Segment Start: DATA FOR THIS EXERCISE

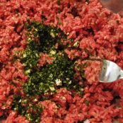 Em uma vasilha coloque a carne moída crua com a cebola, o alho, o pimentão, o sal, a pimenta do reino, o cheiro verde e a farinha de rosca
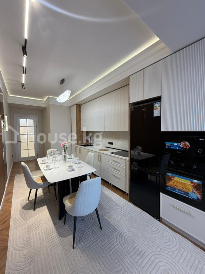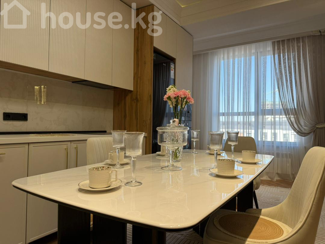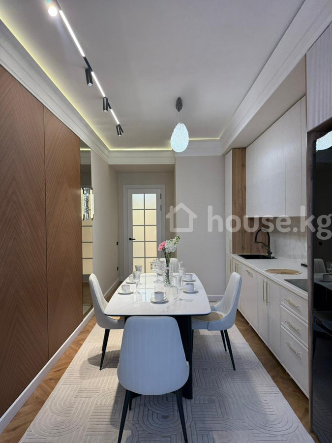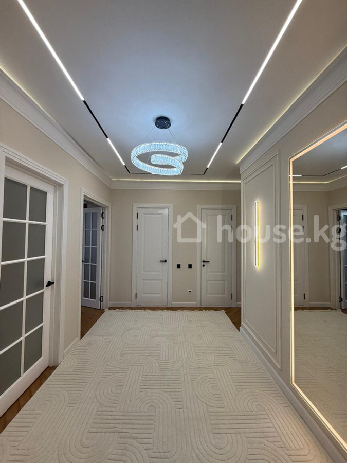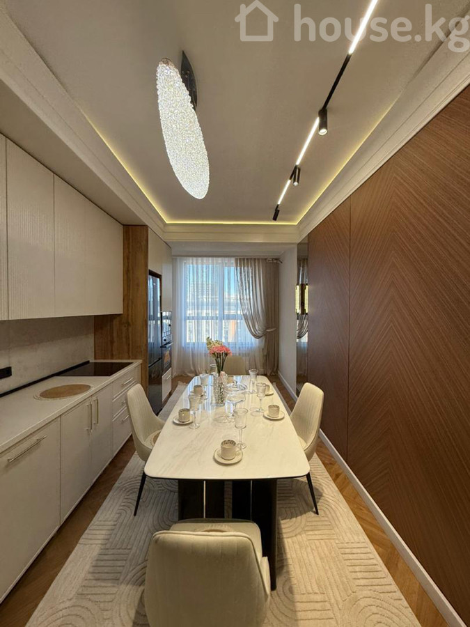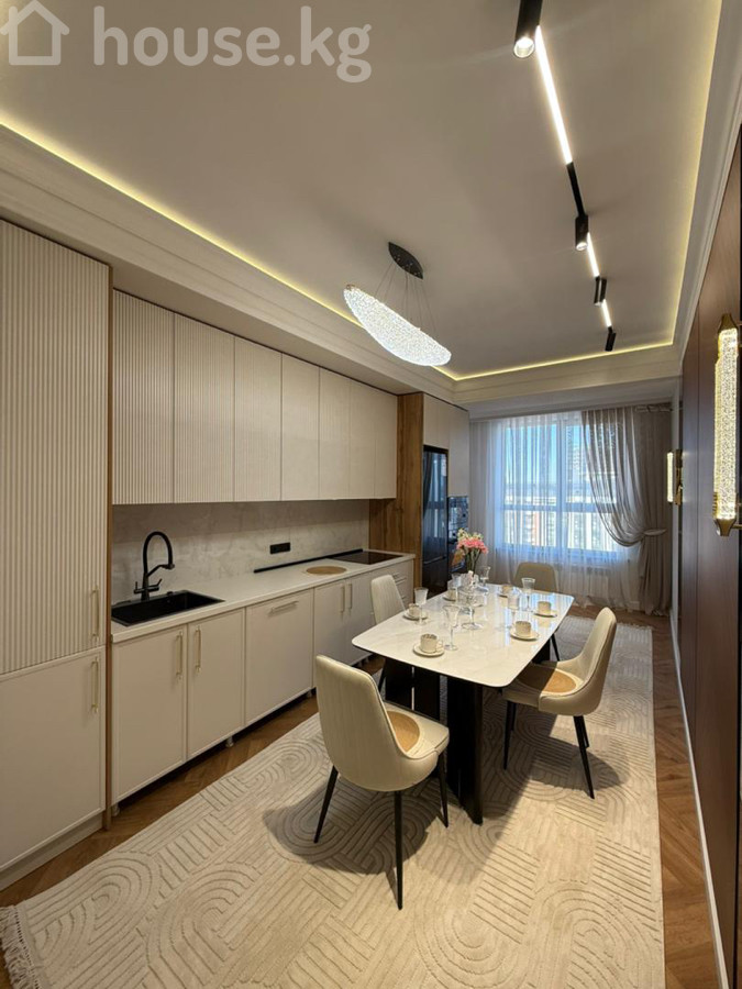 Продается 2‑комнатная квартира в ЖК «Нурзаман Сити» Адрес: Асанбай Серия: элитка Этаж/этажность: 14/15 Площадь: 83 м² Коммуникации: свет, газ, вода Отопление: газовое Планировка: сквозная Санузел: совмещенный Документы: ДДУ Цена: 170 000$ О квартире: - Дизайнерский ремонт в современном стиле - Просторная гостиная с большим модульным диваном, встроенной стенкой/библиотекой с подсветкой - Потолочное зонирование с контурной и линейной LED‑подсветкой, центральные хрустальные люстры - Панорамные окна с двойными шторами (блэкаут и тюль) - Напольное покрытие — паркетная елочка; в зоне гостиной — фактурный ковёр - Встроенные системы хранения, закрытые и открытые стеллажи - Качественные межкомнатные двери с остеклением Квартира светлая, продуманная по эргономике и готовая к проживанию.
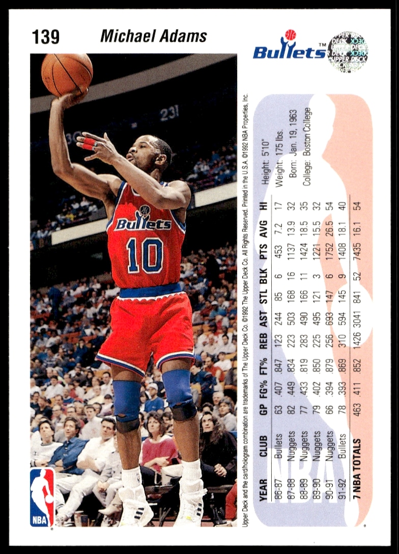 This Basketball card, from 1992-93 is part of the Upper Deck  card set. Michael Adams is featured and has a card number of 139.
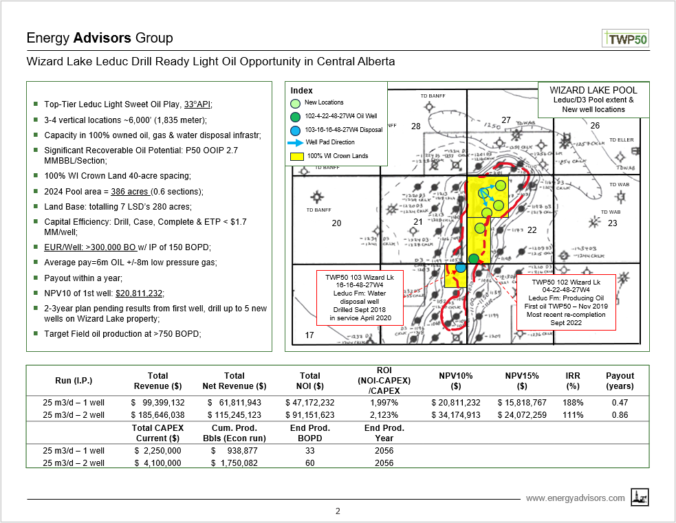 For investors, the wells drilled and tied-in will earn a Working Interest in the Wizard Lake Leduc Rights in potentially all currently undrilled TWP50 lands. Included will be the 3rd party fee-based access to the TWP50 facility.
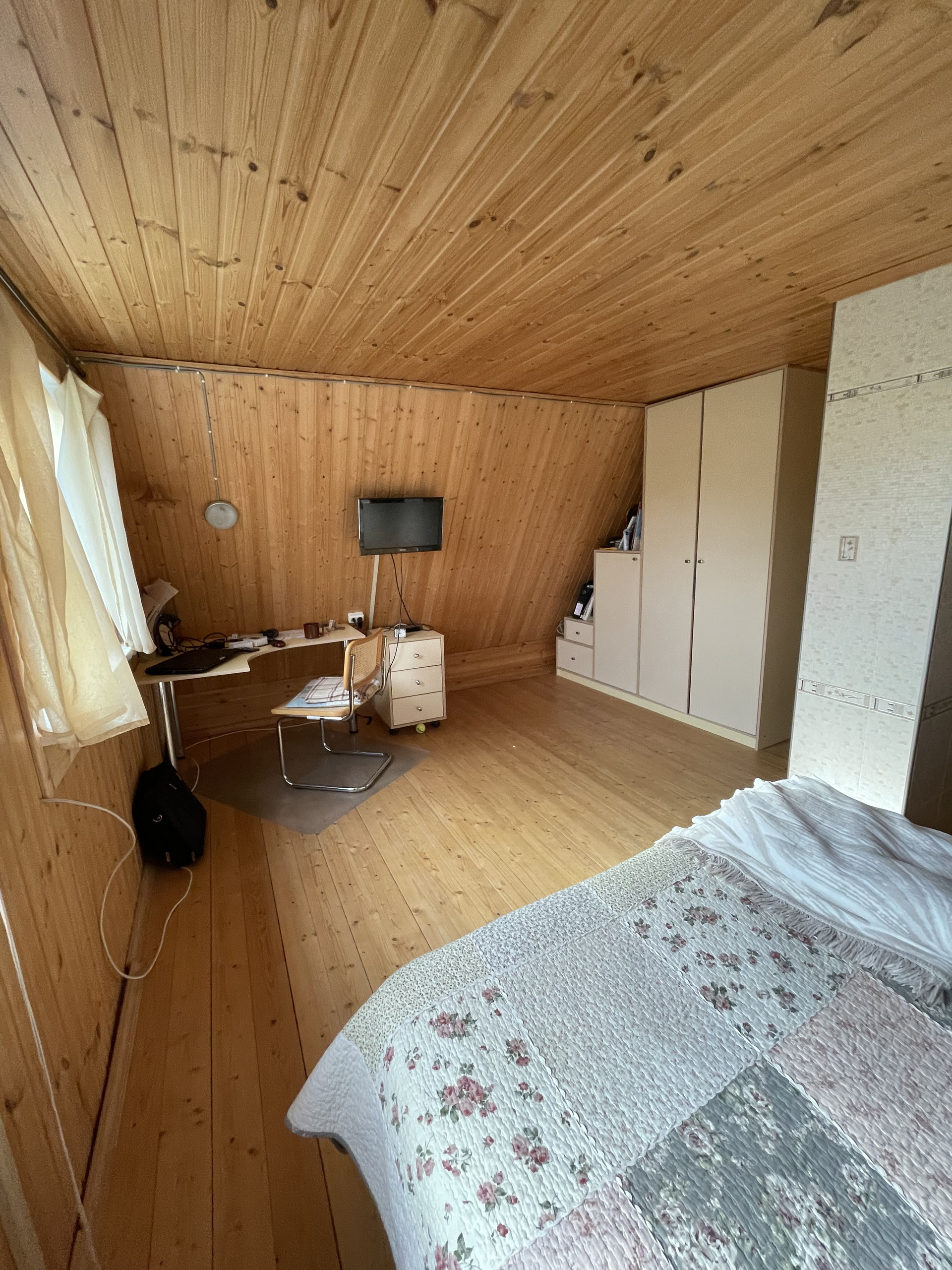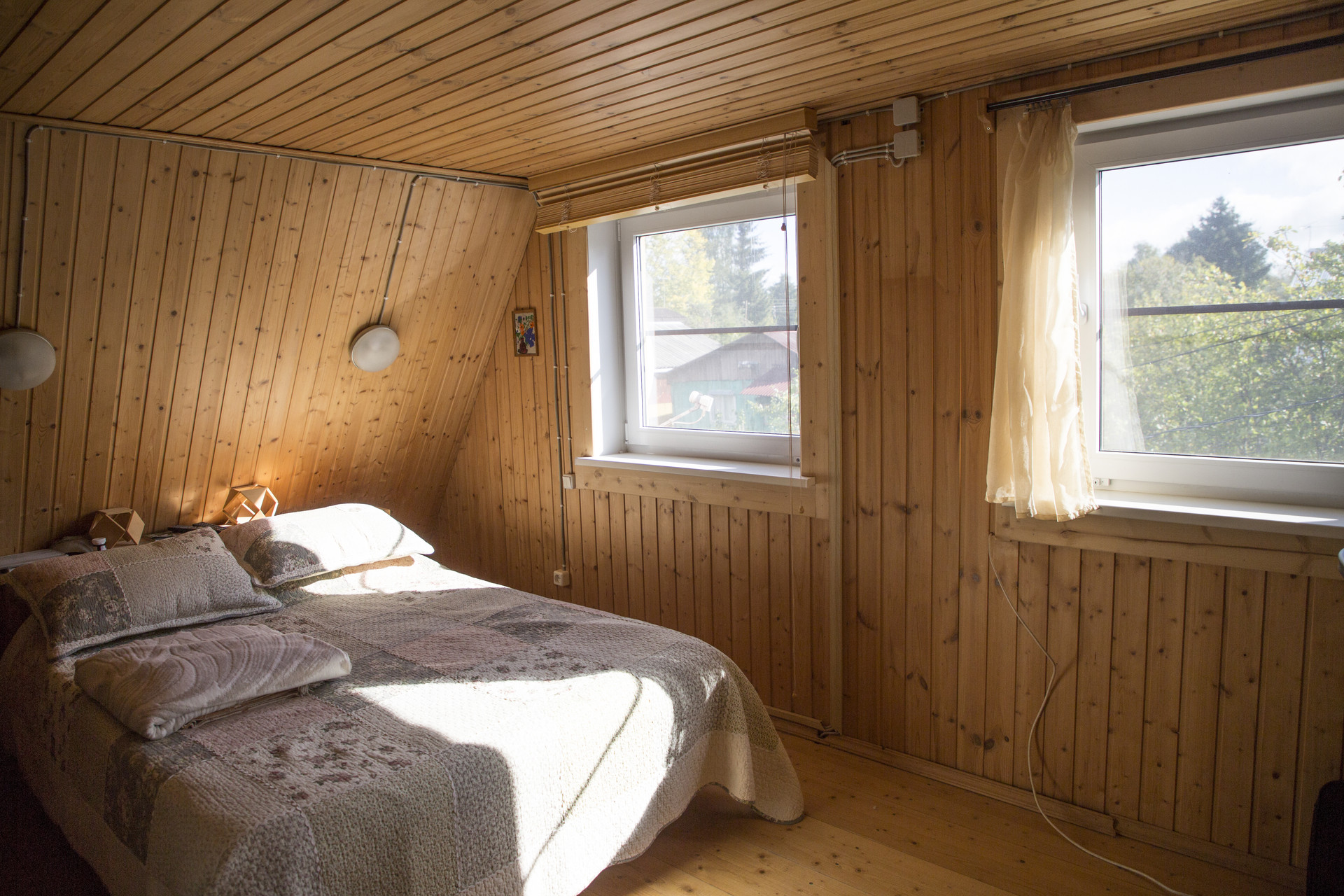 В доме капитальная печь-камин, есть погреб, душевая кабина на лоджии, под верандой – насос, подающий воду из скважины и бойлер. На первом этаже две комнаты, на втором – одна большая, кухня на веранде.
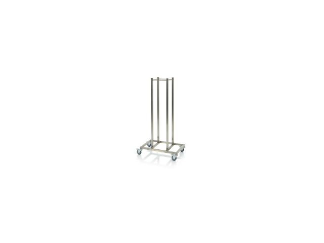 Chariot d'empilage pour plateaux porte-bacs de dimensions norme Europe 600 x 400 mm. Une solution pratique et fiable pour le rangement et le déplacement de vos plateaux roulants et qui vous offre un substantiel gain de place.Structure en acier inoxydable qui vous permet d'empiler et de stocker jusqu'à 15 chariots porte-bacs positionnés en quinconce, les roues vers le haut. Equipé de 4 roulettes à frein faciles à manoeuvrer, dont la bande de roulement anti-dérapante en santoprène assure un déplacement fluide et silencieux.Caractéristiques techniques :Matériau : acier inox Roues : pivotantes avec frein Dimensions Lxlxh : 600 x 410 x 1180 mm Dimensions montant à montant : 270 x 270 mm
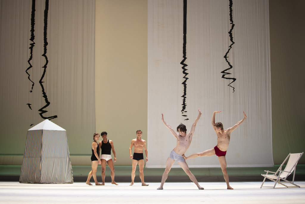 В аскетичных декорациях сдержанно двигаются элегантные дамы и господа, время от времени пары ссорятся между собой; играют мускулами парни на венецианском пляже.
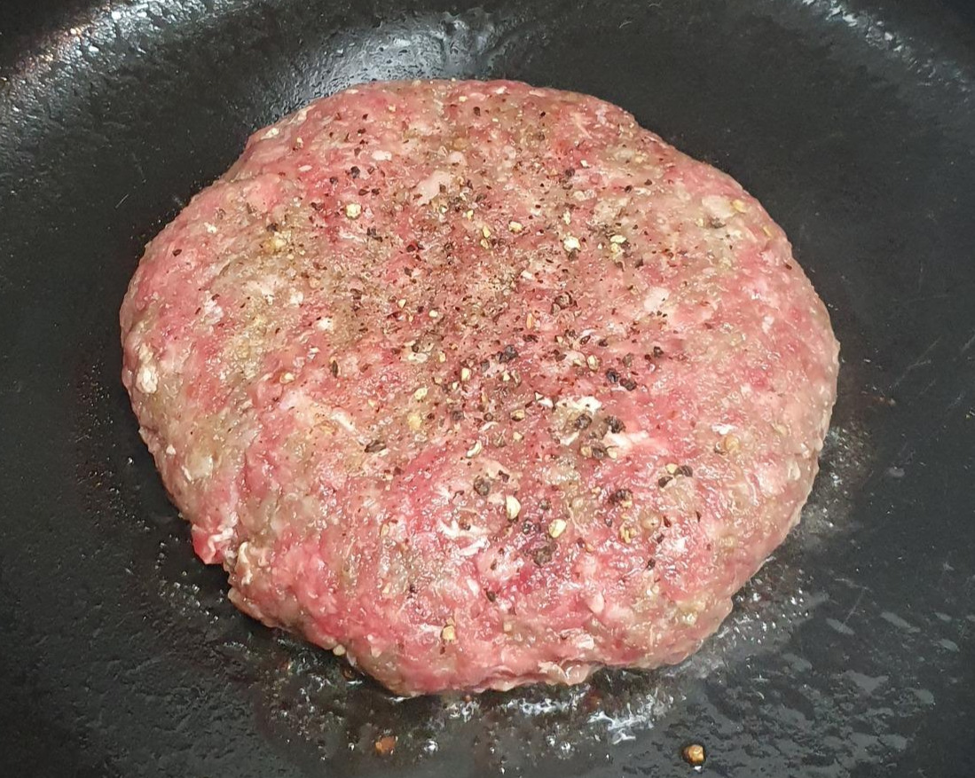(2) 잘 달군 팬(무쇠 팬이나 스테인레스 팬 추천)에 오일을 두르고 소고기 패티를 올린다. 한면이 다 익어서 고기가 표면에서 잘 떨어질 때쯤 뒤집어서 양면을 익힌다.

Segment End: DATA FOR THIS EXERCISE

WORK TO COMPLETE:
All of the entries need to be copied exactly, minus any pictures.

TASK RESPONSE:
 Em uma vasilha coloque a carne moída crua com a cebola, o alho, o pimentão, o sal, a pimenta do reino, o cheiro verde e a farinha de rosca
 Продается 2‑комнатная квартира в ЖК «Нурзаман Сити» Адрес: Асанбай Серия: элитка Этаж/этажность: 14/15 Площадь: 83 м² Коммуникации: свет, газ, вода Отопление: газовое Планировка: сквозная Санузел: совмещенный Документы: ДДУ Цена: 170 000$ О квартире: - Дизайнерский ремонт в современном стиле - Просторная гостиная с большим модульным диваном, встроенной стенкой/библиотекой с подсветкой - Потолочное зонирование с контурной и линейной LED‑подсветкой, центральные хрустальные люстры - Панорамные окна с двойными шторами (блэкаут и тюль) - Напольное покрытие — паркетная елочка; в зоне гостиной — фактурный ковёр - Встроенные системы хранения, закрытые и открытые стеллажи - Качественные межкомнатные двери с остеклением Квартира светлая, продуманная по эргономике и готовая к проживанию.
 This Basketball card, from 1992-93 is part of the Upper Deck  card set. Michael Adams is featured and has a card number of 139.
 For investors, the wells drilled and tied-in will earn a Working Interest in the Wizard Lake Leduc Rights in potentially all currently undrilled TWP50 lands. Included will be the 3rd party fee-based access to the TWP50 facility.
 В доме капитальная печь-камин, есть погреб, душевая кабина на лоджии, под верандой – насос, подающий воду из скважины и бойлер. На первом этаже две комнаты, на втором – одна большая, кухня на веранде.
 Chariot d'empilage pour plateaux porte-bacs de dimensions norme Europe 600 x 400 mm. Une solution pratique et fiable pour le rangement et le déplacement de vos plateaux roulants et qui vous offre un substantiel gain de place.Structure en acier inoxydable qui vous permet d'empiler et de stocker jusqu'à 15 chariots porte-bacs positionnés en quinconce, les roues vers le haut. Equipé de 4 roulettes à frein faciles à manoeuvrer, dont la bande de roulement anti-dérapante en santoprène assure un déplacement fluide et silencieux.Caractéristiques techniques :Matériau : acier inox Roues : pivotantes avec frein Dimensions Lxlxh : 600 x 410 x 1180 mm Dimensions montant à montant : 270 x 270 mm
 В аскетичных декорациях сдержанно двигаются элегантные дамы и господа, время от времени пары ссорятся между собой; играют мускулами парни на венецианском пляже.
(2) 잘 달군 팬(무쇠 팬이나 스테인레스 팬 추천)에 오일을 두르고 소고기 패티를 올린다. 한면이 다 익어서 고기가 표면에서 잘 떨어질 때쯤 뒤집어서 양면을 익힌다.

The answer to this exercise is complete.